İngiliz toplumunun değişmez kurumu kıraliyete odaklanmış bu güldürü pek yükseklerde uçuyor denemez...Ailenin çok daha iyi ve gerçek biçimde tanıtıldığı birçok film vardı: yakın zamanda Kıraliçe, Genç Victoria ya da Zoraki Kıral gibi..Buradaysa maksat hemen sadece güldürmek olmuş. Ve komediyle fantezi ögeleri, aşırı biçimde ön plana çıkmış,.
Yine de gayet sempatik bir film bu...İngiliz toplumunun neredeyse bin yıldır ayrılmaz parçası olan mutlakiyet ve onun temsilcisi aileyle ilişkisi geniş biçimde sunuluyor.
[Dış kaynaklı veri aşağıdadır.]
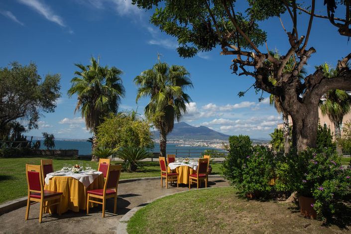 Affacciati sul Vesuvio e sul mare, sarà possibile gustare le eccellenze culinarie tipiche del territorio, in un ambiente romantico e raffinato decorato con peculiari affreschi murali.

Kral ve ailesini hem seviyor, hem nefret ediyorlar. Hem büyük ilgi gösteriyor, hem alay ediyorlar. Bu sınıf toplumunda, aristokrasi hala dimdik ayakta ve toplumun temel direklerinden biri. Demokrasinin getirdiği tüm eleştiri, alay, yadsıma kanallarıyla birlikte...
Oyuncular hiç fena değil. Her nekadar Rupert Everett kıral George’da Oscar’lı Colin Firth’ü aratsa ve de hatırladığımız prenses Margaret, Bel Powley kadar komik suratlı olmasa da...
Ayrıca dönemi, zaferi ve onun getirdiği sevinci veren kalabalık sahnelerin de büyük ustalıkla çekildiğini eklemeliyim.